# Exercise:
Reproduce only this stretch of the listing below: from the line with "Bei den Arbeiten" through the line with "More information about", exactly as written, with pictures excluded.

# Data supplied:
■ ■ ■ ■

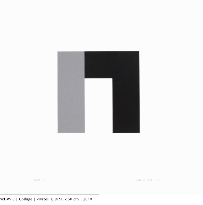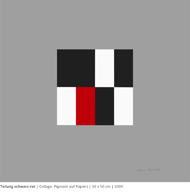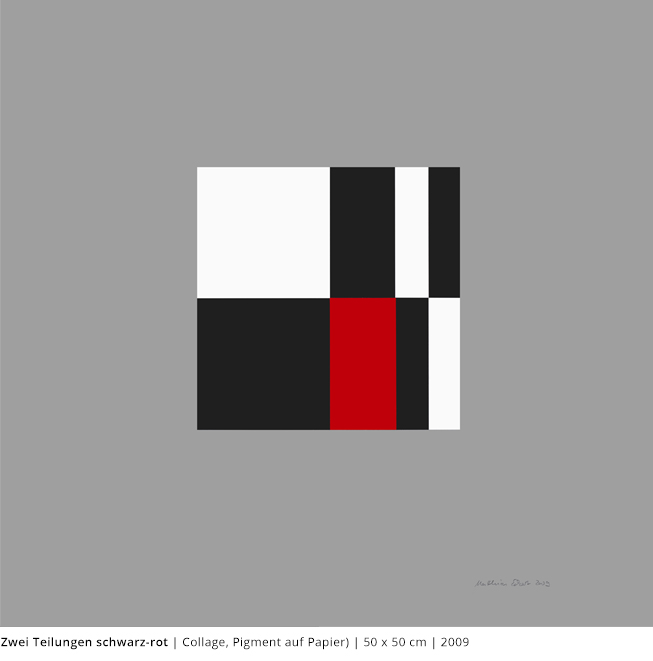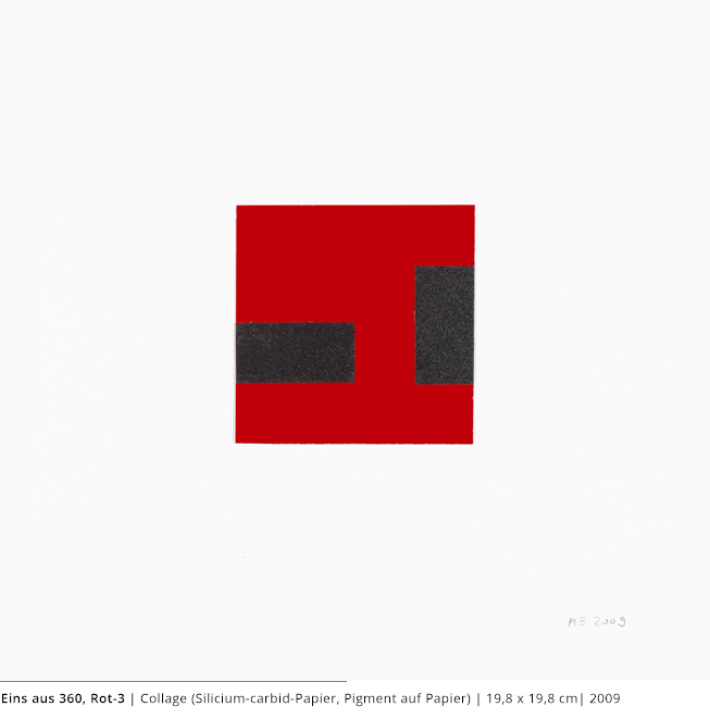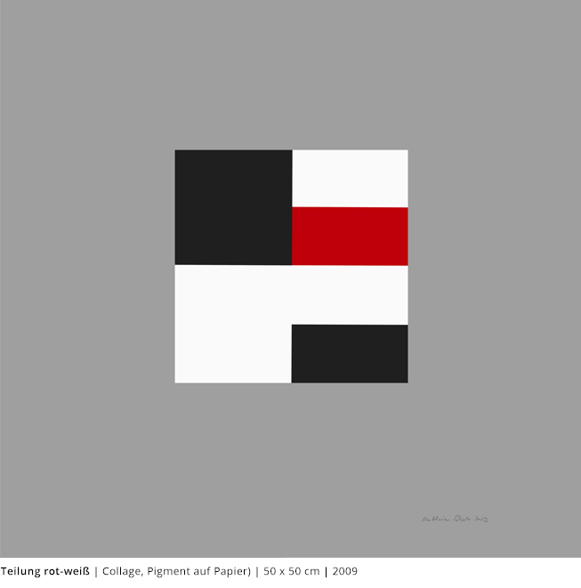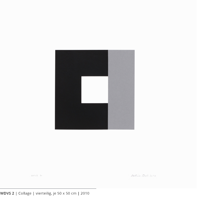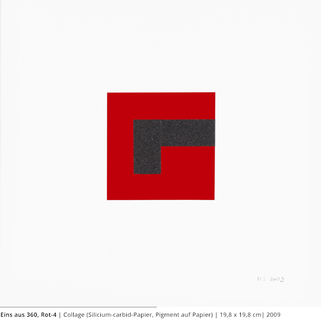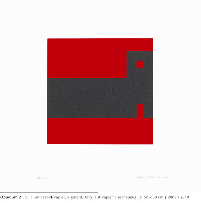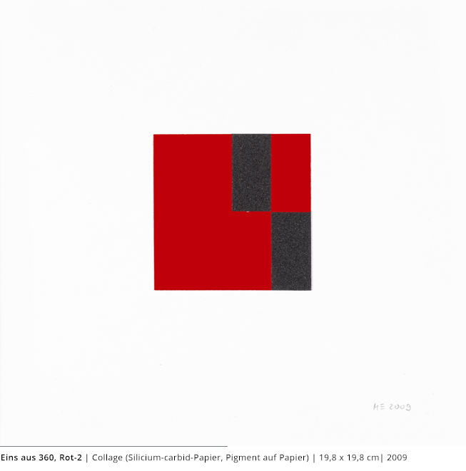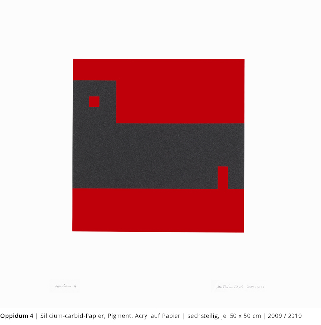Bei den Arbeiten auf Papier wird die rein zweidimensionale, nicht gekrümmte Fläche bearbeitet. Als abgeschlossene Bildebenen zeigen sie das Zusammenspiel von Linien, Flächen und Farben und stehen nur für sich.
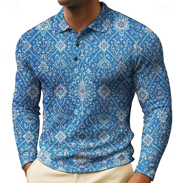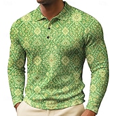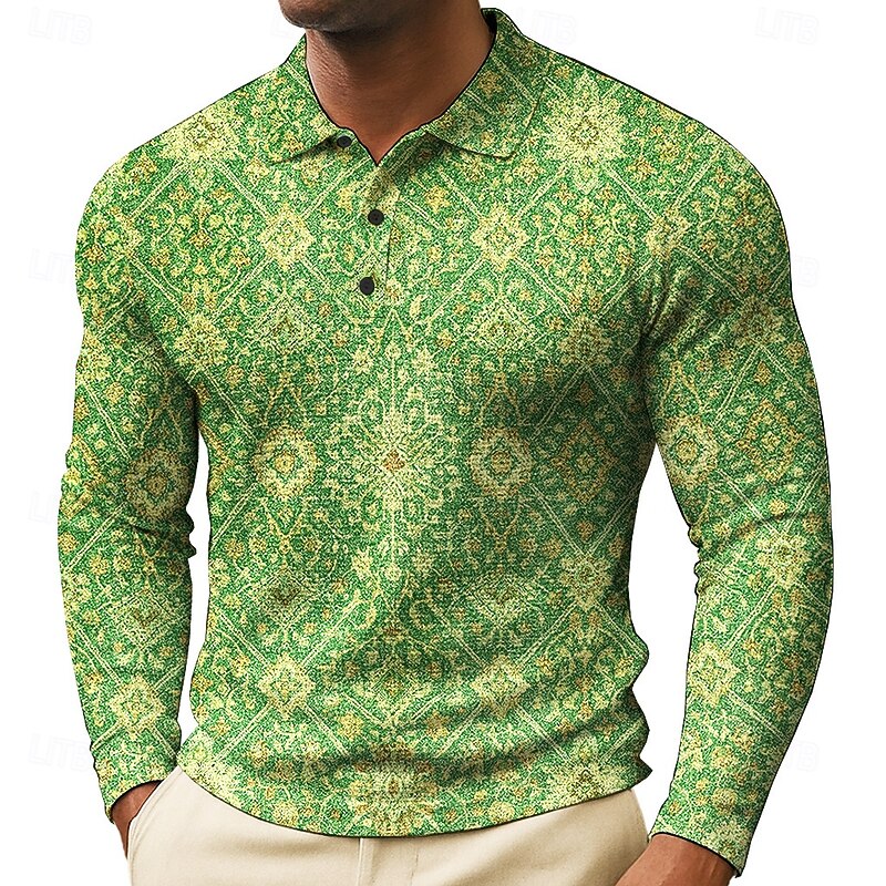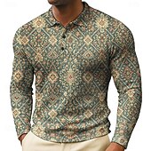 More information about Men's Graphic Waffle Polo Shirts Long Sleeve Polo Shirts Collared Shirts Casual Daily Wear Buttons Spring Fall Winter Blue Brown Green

■ ■ ■ ■

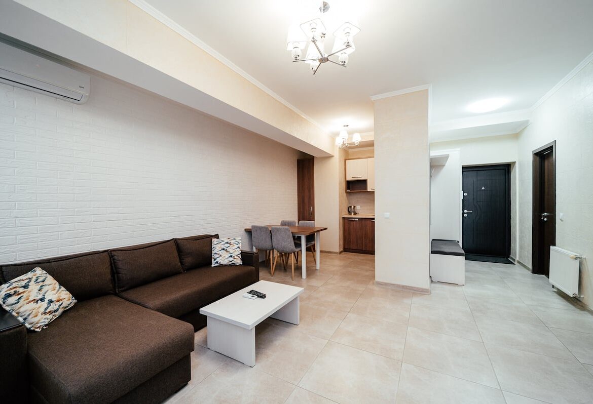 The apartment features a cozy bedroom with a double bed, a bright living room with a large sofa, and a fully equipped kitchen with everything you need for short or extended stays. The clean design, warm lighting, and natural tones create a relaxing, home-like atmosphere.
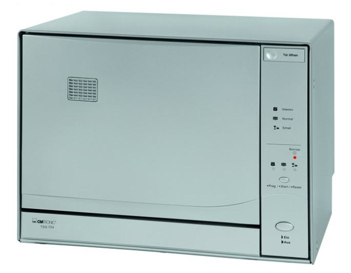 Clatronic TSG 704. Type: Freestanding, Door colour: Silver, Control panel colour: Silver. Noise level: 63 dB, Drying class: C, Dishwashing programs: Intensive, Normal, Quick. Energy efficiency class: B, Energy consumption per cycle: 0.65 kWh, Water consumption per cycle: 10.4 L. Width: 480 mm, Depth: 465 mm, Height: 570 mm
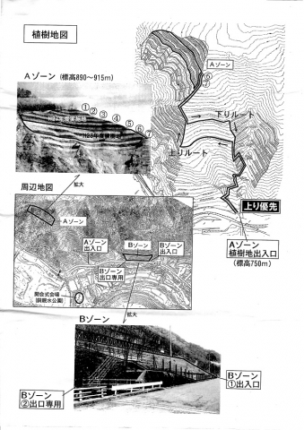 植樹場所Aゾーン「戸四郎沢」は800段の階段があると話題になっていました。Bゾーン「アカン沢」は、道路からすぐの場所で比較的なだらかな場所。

■ ■ ■ ■

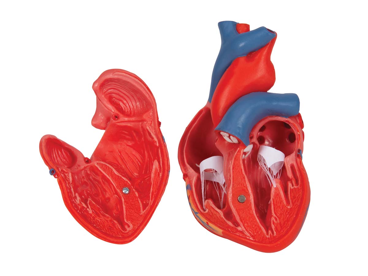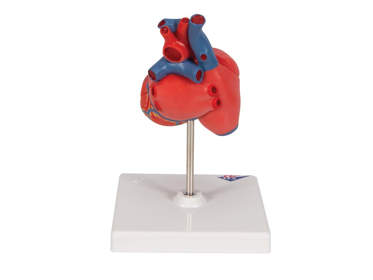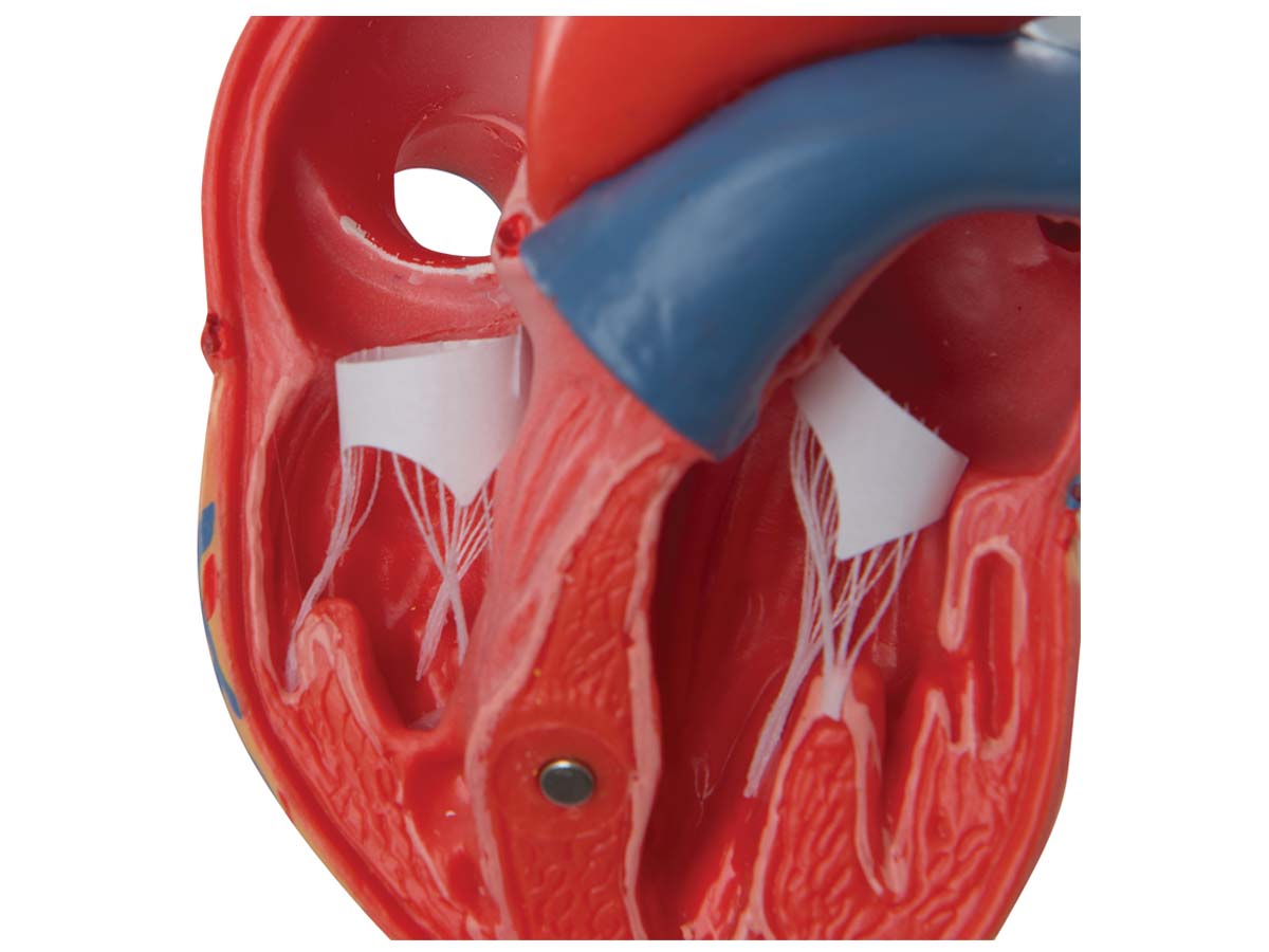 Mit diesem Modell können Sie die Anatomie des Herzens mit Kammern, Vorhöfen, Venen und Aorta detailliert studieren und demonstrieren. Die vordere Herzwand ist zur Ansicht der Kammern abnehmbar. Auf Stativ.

■ ■ ■ ■

# Task solution:
Bei den Arbeiten auf Papier wird die rein zweidimensionale, nicht gekrümmte Fläche bearbeitet. Als abgeschlossene Bildebenen zeigen sie das Zusammenspiel von Linien, Flächen und Farben und stehen nur für sich.
 More information about Men's Graphic Waffle Polo Shirts Long Sleeve Polo Shirts Collared Shirts Casual Daily Wear Buttons Spring Fall Winter Blue Brown Green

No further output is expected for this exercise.